Ode to a Gentleman

by Dawn M. Sanders

Brendan Magill, who recently passed away, had a long, full life of helping others with barriers to employment find work or get into self-employment.  While he worked with people with additional needs across the board, he was especially known, well liked, and respected within the community of visually impaired people, as he had a visual impairment himself.

Born in Belfast, Northern Ireland on 27 June, 1945, he attended New College Worcester for the blind and partially sighted in what must have been his formative years, where it’s thought he continued to called Worcester his home. I was first introduced to Brendan in about 2013 when I was a new entrepreneur, and someone referred me to the forums he had set up some years before: UK Visually Impaired self employed (UKVISE) and UK Visually Impaired Employed (UKVIEM). These have both been long term networks for mainly people with a visual impairment, seeking self-employment; navigating the many procedures and pitfalls of setting up in business, such as HMRC, business plans or just supporting each other through the additional hoops to dance through with having a visual impairment in the business world. Likewise, navigating the often-harsh environment of accessing work and the barriers faced in having additional needs; coupled with the attitudes of employers in an often-discriminating atmosphere, UKVIEM has been significant in supporting VIPs into employment.

For both arenas, self-employment or employment respectively, has meant Brendan played a key role in assisting the Access to Work scheme – a strand of DWP meant to help people with additional needs access the job market, with either assistive technology, personal assistants and so on. Yet with any government initiative, it often lacks in the specialist input, which is where Brendan came in – often to challenge a one-size-fits-all approach to people’s individual needs. Not only was he a pragmatist, often saying not everyone was cut out for self-employment, but always encouraged people to fulfil their potential in whatever way possible. He wasn’t just about business or the often-stuffy nature of professionalism, a man of integrity – always trying to defuse a conflict on forums with diplomacy, yet favouring a forthright approach.

He was someone to have a good conversation about everyday life with, the hassles and hardships which made work life that much more of a struggle – at least that was my experience. He was a good listener, personable and surprisingly approachable.  I had a good few phone chats with him about personal family situations and he told me of his late wife and how he would never leave the home they shared after she had sadly passed away, because there were reminders of her everywhere in his house – I felt honoured for him to have shared this. He was a kind and considerate soul and even knew when there was space for humour.  He used to say statistics were like a bikini, because they show you what they want you to see and hid the rest… Even if you disagreed with him, it was impossible to dislike him – he would always say, if everyone agreed the world would be a boring place.

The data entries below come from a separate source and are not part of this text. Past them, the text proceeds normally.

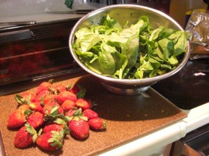 The strawberries are already cut up and flash frozen. This batch looked a little rough; I wonder if we’re getting to the end of Florida strawberry season. And I wonder if we’ll even have a Georgia strawberry season this year, given the lack of spring sun until recently.
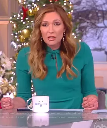 on The View on ABC was spotted wearing this green twist neck dress on The View on Dec 14 2021's episode. 's Dress is the Twisted Neck 3/4 Sleeve Sheath Dress by Donna Morgan.
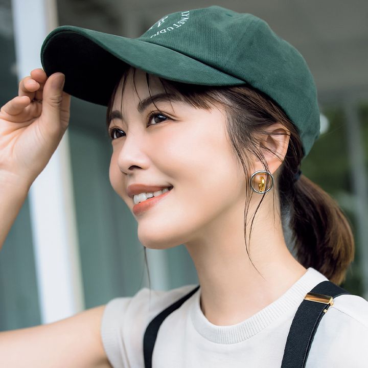 そろそろヘアカラーしなきゃ、というタイミングで活躍するのがキャップ。ざっくり下めにポニーテールを作ってから帽子をかぶり、顔まわりのニュアンスを引き出していくのがカギ。特にこめかみの毛を出すと小顔効果も!

Terry Robinson, a long-time friend from his Worcester College days and fellow amateur radio enthusiast, had decided to take up self-employment with Brendan’s encouragement and advice, as his career floundered and was coming to an end. With just an idea one day while waiting in Hereford train station with Brendan, terry eventually founded Describe Online,  as an information provider – making it possible for people with a visual impairment to access and navigate train stations. For his own long work life, Brendan worked as an early computer programmer before going self-employed. He did a stint at the Royal National College for the Blind, Hereford, and from memory the role he held there was teaching students interview skills and how to get into employment, but details here are patchy. As a new entrepreneur, student and then trying again in self-employment, I always felt empathy from Brendan where others within the forums offered little or no support, but he was like this with everyone.

For those who knew him well, Brendan was known to have a heart condition. After a long stint in hospital last year, he returned home to recover with carers provided. However, he returned to hospital care in February after once again becoming ill.

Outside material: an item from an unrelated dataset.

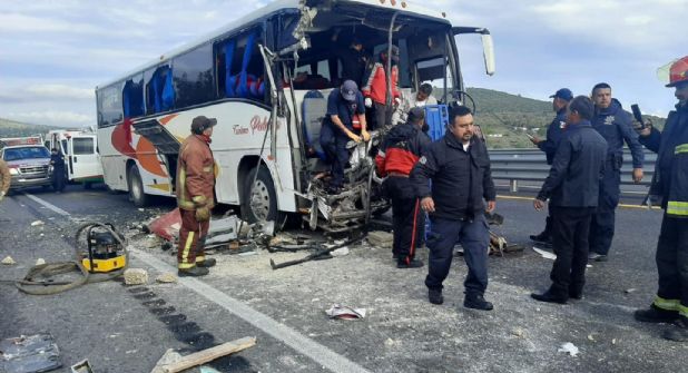 ZEMPOALA.- Un autobús de servicio turístico se impactó esta mañana contra un camión de carga pesada sobre la carretera México-Tulancingo, a la altura de Acelotla, perteneciente a Zempoala, lo que dejó varios lesionados.

Ann Linehan, a long-standing personal friend of Brendan, says he caught covid from a carer who caught the virus and returned to work possibly too early. She writes: “I miss you, Brendan. We will doubtless meet again on the other side of starlight, the enigmatic majesty of moonlight and the subtlety of sunshine.”

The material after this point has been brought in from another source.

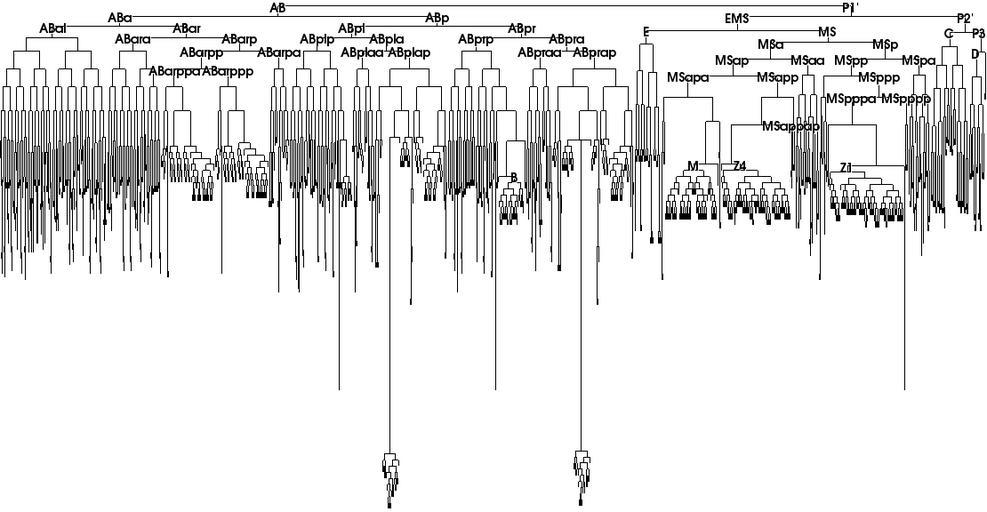 Keywords: Complete cell lineage of C elegans.png en Complete cell lineage of C elegans The history of cellular divisions that sequentially tracks the parents of a particular cell up to its original ancestor the zygote cell is called cell lineage Simple organisms such as the C elegans worm tend to have a deterministic cell lineage meaning that for any given embryo the cells divide following exactly the same pattern More complex organisms tend to have a deterministic lineage only in the early stages of embryogenesis and then as large numbers of cells of similar type are required they tend to generate these cells by following non-deterministic although likely sterotypic patterns Studying the cell lineage of an organism is important because it helps in the understanding of how a particular cell defines its fate in the organism It also helps to understand how mutations and environmental factors may perturb the embryogenesis process and result in malformed organisms In the context of studying gene functionality the cell lineage also provides a baseline layer upon which the behavior of genes can be laid out across space and time as the organism develops https //cfwebprod sandia gov/cfdocs/CCIM/docs/VDA2008CellLineage pdf Integration of Information and Volume Visualization pdf file Andrej Cedilnika Jeffrey Baumesb Luis Ibanezb Sean Megasonc and Brian Wylied 2008 PD-USGov Information visualization Tree diagrams Caenorhabditis elegans Developmental biology Cell differentiation |

Describing Brendan as a friend, mentor and role model in his own right, Terry said: “I feel a great sense of loss. He was always available for a chat about business or the World in general, even after I’d retired and had no further interest in Business or Employment. He was a long-standing friend. I don’t think many of us can honestly claim to have a large stock of these.”

Although I didn’t know him well, from what I did, I think he would have made a good boss – fair, realistic expectations and always down-to-earth. R.I.P. Mr. Magill. Brendan passed away on 16th February.

© 2021

This Post Has 3 Comments

  1. Christopher Catt,

    Hi Dawn, thank you for such a revealing and informative tribute to Brendan. I can echo much of what you say in my recollection of many conversations with Brendan. RIP Brendan.

  2. Caroline

    I never met Brendan but it sounds like he shone beams of life into many people’s lives.

  3. Tracey

    I am sorry to hear of Brendan’s passing. He helped me a lot in the early 2000s with a difficult work situation. I was just listening to a podcast about Ernest Shackleton, one of Brendan’s favourite subjects, and Brendan sprang to mind. God Bless you Brendan and see you on the otherside.